Sedang, KPU sediakan alat kelengkapan transportasi, berupa mobil, dan sepada motor perlancar warga yang hendak menggunakan hak pilih. Terkait ini sudah berkoordinasi dengan pihak aparat, di mana di wilayah perairan seperti Kecamatan Teluk Meranti dan, Kecamatan Kuala Kampar disiapkan kapal.

"Insya Alloh, hingga saat ini tidak ada kendala dan masalah banjir sudah dianalisa. Bagaimana situasi dan kondisinya masalahnya wahib dicari solusi. Apalagi oengamanan tidak hanya dari Polri saja, TNI  dan pemerintah turut membantu. Jadi, untuk masa hari tenang TNI dan Polri melakukan patroli sekaligus cooling system Pemilu Damai serentak tahun 2024," tuturnya.

Pemilu ini harap Orang Nomor satu di Polres Pelalawan ini, mudah-mudahan kondusif di semua kecamatan yang ada di Kabupaten Pelalawan. Apalagi ada pendampingan keamanan dari aparat, dari TPS hingga ke panitia pemilihan kecamatan (PPK).

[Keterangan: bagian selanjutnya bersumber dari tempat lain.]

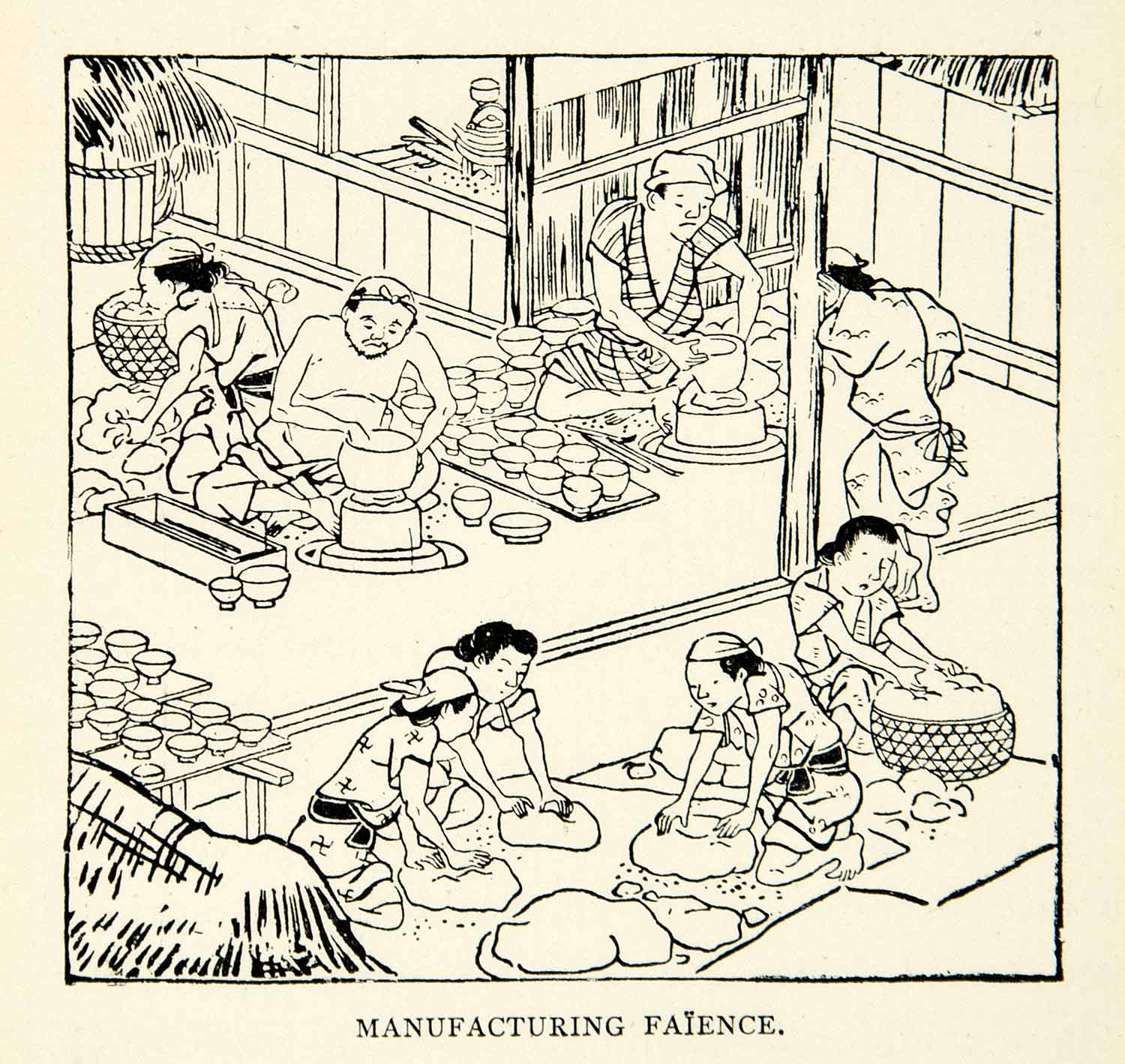 This is an original 1893 monochrome relief line-block print that depicts Japanese workers creating pottery and earthenware pieces.

"Kepada seluruh masyarakat, mari berbondong ke TPS gunakan hak pilih, dan jangan Golput di Pemilu serentak tahun 2024. Ingat, jangan gegera perbedaan pilihan kita  gontok-gontokan. Ayo kita jaga konduktivitas bersama, untuk kebaikan bersama demi persatuan dan kesatuan Negara Kesatuan Rapubli Indonesia (NKRI) lebih baik masa datang," serunya.